I've downloaded Goose for the first time, connected it to a local model, and explored it. I noticed the "Autonomous" indicator and decided to find out what it meant. The manual does explain the permissions and warns that Autonomous is the default.

You can't expect every new user to first read all of the manual before doing anything, then finding this warning and changing the setting. Instead, new users will most likely leave this set at its default, making it possible for things to go horribly wrong, as the only other safeguards are in the prompting. See my example below using a local model and a simple prompt.

Expected behavior
Either:

• Chat only or manual as the default; or
• a modal dialog on startup warning of the danger.

Screenshots

Here's an example of the kind of command that would be happily executed if I'd let it. These kinds of commands can have subtle bugs or misunderstandings and you don't know because users can use even very stupid models and prompts.
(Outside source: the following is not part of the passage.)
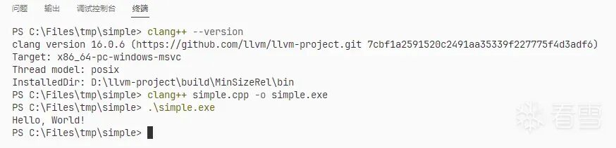 本文的编译方法不需要对LLVM源码进行任何改动,除了VS2022以外不需要安装任何额外的软件或者依赖。首先,保证你的Windows上安装了VS2022。其次,保证你的VS2022安装了MSVC,一般勾选了使用C++的桌面开发就应该满足条件了。别忘了把这两个给勾上,虽然编译LLVM的时候用不上它们,但是编译完了我们可以把编译后的与自带的进行替换,然后就能使用MSBuild工具链调用我们自己的LLVM进行编译了(具体方法参考隔壁,这里不赘述了)。然后是重点,一定要从设置里把当前系统区域设置给改为英语(美国)并重启系统。准备好编译环境后,从GitHub上把LLVM的源码clone下来,选择LLVM16的branch,最后一个版本应该为16.0.6(VS2022自带的是16.0.5,不过基本没啥影响)。git clone https://github.com/llvm/llvm-project.git -b release/16.x我们直接对着llvm-project右键=>使用 Visual Studio 打开点击视图=>终端,打开VS2022的开发者命令行(一定要用这个,不能用别的)。使用VS2022自带的cmake进行构建,等待项目构建完毕。cmake -S llvm -B build -DLLVM_ENABLE_PROJECTS=clang -DLLVM_TARGETS_TO_BUILD=X86这里指定的DLLVM_TARGETS_TO_BUILD=X86表示我们编译出来的LLVM只能编译为X86指令集(32位和64位),如果想支持更多的指令集可以去掉这个参数,但是会增大项目体积、增加编译时间。然后关闭当前的VS2022,找到生成的.sln文件并双击打开。下一步是可选的,将默认选中的Debug改为MinSizeRel,可以提高编译LLVM时的速度、减少编译产物的体积、提高LLVM的运行速度,但是如果后续是要进行LLVM本体魔改或者Pass开发的话,建议保持Debug不变。然后点击生成=>生成解决方案,开始漫长的等待,以这台i5-12500的机子为例,编译MinSizeRel耗时大概半小时。在对应目录下可以找到生成的可执行文件,我们将该目录添加到环境变量中。在VSCode的命令行中测试一下版本,确定是16.0.6。使用clang++编译后运行,可以看到正确的输出。当然我们的目的肯定不是仅仅编译一下而已(不然为啥不用VS2022自带的),更多的是对LLVM的前端、中端和后端进行魔改,或者编写自己的Pass,最后将其整合到MSBuild工具链中。得益于VS2022强大的解决方案,我们可以很轻松、很方便的对整个LLVM项目进行修改和增量编译。在Windows平台编写、编译并使用Pass的教程网上已经有很多了,但是步骤也是比较复杂的,等有空了我再写一篇用优雅的方式编写New Pass的文章。看雪ID:古月浪子

Please provide following information:

• OS & Arch: MacOS 15.5
• Interface: UI
• Version: v1.0.24
• Extensions enabled: Developer (by default!)
• Provider & Model: Local OpenAI-like via LM-Studio, the example below using josiefied-qwen3-8b-abliterated-v1 which is an uncensored model, something other users might have as well.

Additional context
I'm asking you, the developers of Goose, to think of the liability you take on with such an insecure default.

Other agnetic tools use docker containers, which is another way to make this kind of tool use less of a security problem.